Vaccination: Costly clash between autonomy, public health

by ,  /  15 August 2017
The Experts:
Expert

Ruth Fischbach

Professor, Columbia University
Expert

John Loike

Adjunct professor, Columbia University

In the United States, 117 people from 13 states contracted measles between 1 January and 15 July of this year, according to the Centers for Disease Control and Prevention (CDC). In the same time period, 45 states and the District of Columbia reported 3,886 mumps infections. In 2015, there were 20,762 reported cases of pertussis, or whooping cough, in the country. Pertussis infections are on the rise in many states, prompting a call to vaccinate. For instance, pertussis cases doubled in Indiana from 2016 to 2017 and included one fatality.

Each of these numbers is alarming, because if all children were vaccinated, the number of cases of these infectious diseases would drop dramatically. Studies estimate that vaccines save about 42,000 lives each year in the U.S., and $13.5 billion in direct medical costs.

If vaccinations are so effective, why do thousands of parents refuse to vaccinate their children?

In a survey conducted in 2013, 87 percent of pediatricians in the U.S. said they encountered parents refusing to vaccinate their children. And about 6 percent of all kindergarteners in the U.S. have not received at least one essential vaccination. Equally important and worrisome is that although most physicians continue to provide care to families whose children are unvaccinated, physicians are increasingly choosing to dismiss these families from their practices.

The failure of parents to vaccinate themselves and especially their children jeopardizes the health of their children as well as other children and adults.
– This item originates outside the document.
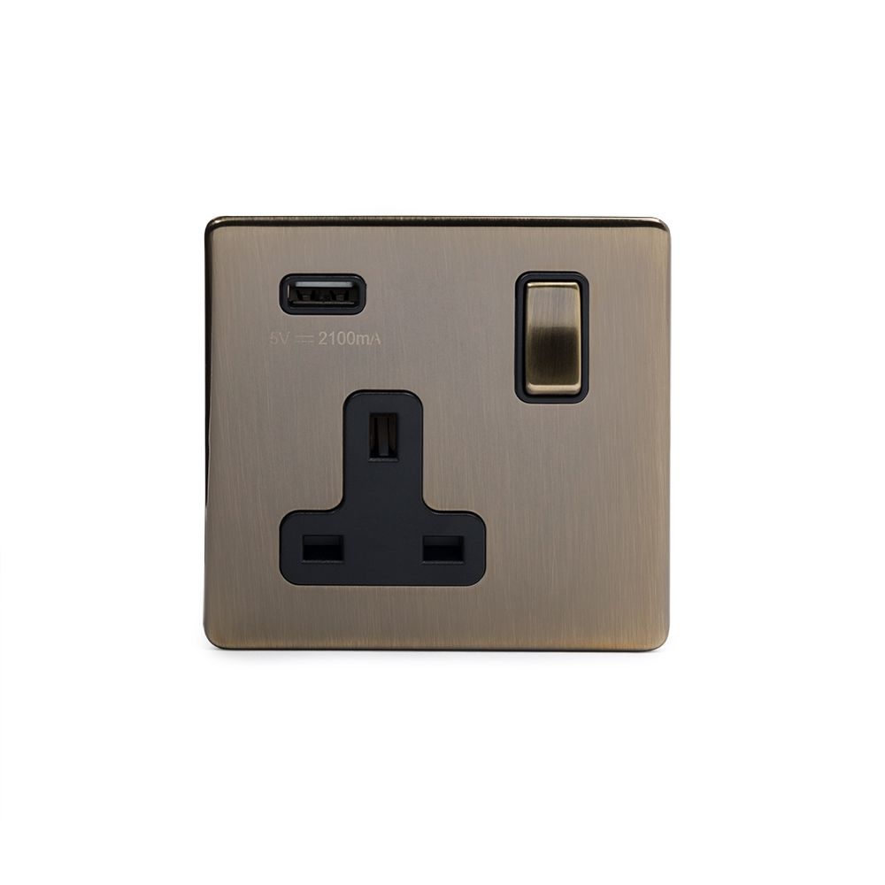 Soho Lighting Antique Brass 1 Gang 13A DP Socket with USB-A 2.1A - Size: 86mm x 86mm x 4.5mm

We propose that doctors and hospitals institute measures that protect people in their practices, rather than refusing to treat anyone. And we believe that all states should require that children be vaccinated before attending school.

Unfounded fears:

Many parents cling to multiple false claims and beliefs when deciding whether to vaccinate their children, and many are no longer willing to take the word of their physician.

For example, some parents fear that vaccinations increase the risk of autism, a belief that is based on false data and continues to spread through social media. Others believe that vaccines are ineffective or that they can cause attention deficit hyperactivity disorder, ear infections and allergies. Still others believe that unvaccinated children are healthier than vaccinated children.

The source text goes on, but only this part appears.